*** Material for this task ***

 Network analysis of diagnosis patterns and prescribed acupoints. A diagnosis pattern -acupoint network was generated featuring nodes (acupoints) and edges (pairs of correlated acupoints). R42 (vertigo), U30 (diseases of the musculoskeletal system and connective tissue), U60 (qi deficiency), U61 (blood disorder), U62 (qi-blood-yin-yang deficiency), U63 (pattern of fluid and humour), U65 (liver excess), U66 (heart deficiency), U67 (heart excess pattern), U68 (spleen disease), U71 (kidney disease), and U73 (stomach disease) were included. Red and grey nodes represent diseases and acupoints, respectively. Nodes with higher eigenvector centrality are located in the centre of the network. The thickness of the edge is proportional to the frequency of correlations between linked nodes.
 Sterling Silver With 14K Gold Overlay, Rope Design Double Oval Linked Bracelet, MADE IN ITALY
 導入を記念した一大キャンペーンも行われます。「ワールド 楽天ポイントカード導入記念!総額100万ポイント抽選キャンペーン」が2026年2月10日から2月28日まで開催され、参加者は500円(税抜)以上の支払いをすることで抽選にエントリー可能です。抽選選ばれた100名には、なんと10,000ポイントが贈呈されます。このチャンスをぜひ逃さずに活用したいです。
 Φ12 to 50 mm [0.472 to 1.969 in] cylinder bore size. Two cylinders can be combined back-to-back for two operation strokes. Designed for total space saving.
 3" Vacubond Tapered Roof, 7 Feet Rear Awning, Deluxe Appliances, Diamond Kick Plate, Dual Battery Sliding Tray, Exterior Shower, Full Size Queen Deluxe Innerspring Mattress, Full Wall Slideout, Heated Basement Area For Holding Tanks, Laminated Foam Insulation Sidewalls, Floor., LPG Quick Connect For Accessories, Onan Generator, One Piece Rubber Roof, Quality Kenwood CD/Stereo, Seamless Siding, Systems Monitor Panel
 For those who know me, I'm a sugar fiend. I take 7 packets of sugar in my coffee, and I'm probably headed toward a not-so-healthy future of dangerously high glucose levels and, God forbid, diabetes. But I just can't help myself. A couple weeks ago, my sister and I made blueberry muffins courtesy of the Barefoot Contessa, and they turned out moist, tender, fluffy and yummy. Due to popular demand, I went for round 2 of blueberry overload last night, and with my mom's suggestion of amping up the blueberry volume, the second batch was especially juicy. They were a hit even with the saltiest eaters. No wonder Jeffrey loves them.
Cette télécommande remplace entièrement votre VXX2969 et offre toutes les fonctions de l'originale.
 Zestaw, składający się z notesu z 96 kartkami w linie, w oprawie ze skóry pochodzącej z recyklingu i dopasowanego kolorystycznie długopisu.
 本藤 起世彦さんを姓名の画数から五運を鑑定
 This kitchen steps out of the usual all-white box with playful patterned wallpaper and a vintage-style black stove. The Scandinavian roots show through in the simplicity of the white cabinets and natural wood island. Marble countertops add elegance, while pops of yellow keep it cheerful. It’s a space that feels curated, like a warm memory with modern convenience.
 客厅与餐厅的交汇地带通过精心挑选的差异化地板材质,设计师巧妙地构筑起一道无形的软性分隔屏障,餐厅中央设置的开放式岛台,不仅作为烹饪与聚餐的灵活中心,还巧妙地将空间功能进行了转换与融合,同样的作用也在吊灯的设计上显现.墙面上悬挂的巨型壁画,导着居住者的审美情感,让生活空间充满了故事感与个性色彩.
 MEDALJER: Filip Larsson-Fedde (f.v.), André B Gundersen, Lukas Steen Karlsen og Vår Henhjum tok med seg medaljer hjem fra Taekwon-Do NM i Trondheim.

*** End of Material for this task ***

**How to complete this task:** Please reply with an exact copy of the lines above, starting at the first and ending at the line that holds "導入を記念した一大キャンペー".

**Answer box:**
 Network analysis of diagnosis patterns and prescribed acupoints. A diagnosis pattern -acupoint network was generated featuring nodes (acupoints) and edges (pairs of correlated acupoints). R42 (vertigo), U30 (diseases of the musculoskeletal system and connective tissue), U60 (qi deficiency), U61 (blood disorder), U62 (qi-blood-yin-yang deficiency), U63 (pattern of fluid and humour), U65 (liver excess), U66 (heart deficiency), U67 (heart excess pattern), U68 (spleen disease), U71 (kidney disease), and U73 (stomach disease) were included. Red and grey nodes represent diseases and acupoints, respectively. Nodes with higher eigenvector centrality are located in the centre of the network. The thickness of the edge is proportional to the frequency of correlations between linked nodes.
 Sterling Silver With 14K Gold Overlay, Rope Design Double Oval Linked Bracelet, MADE IN ITALY
 導入を記念した一大キャンペーンも行われます。「ワールド 楽天ポイントカード導入記念!総額100万ポイント抽選キャンペーン」が2026年2月10日から2月28日まで開催され、参加者は500円(税抜)以上の支払いをすることで抽選にエントリー可能です。抽選選ばれた100名には、なんと10,000ポイントが贈呈されます。このチャンスをぜひ逃さずに活用したいです。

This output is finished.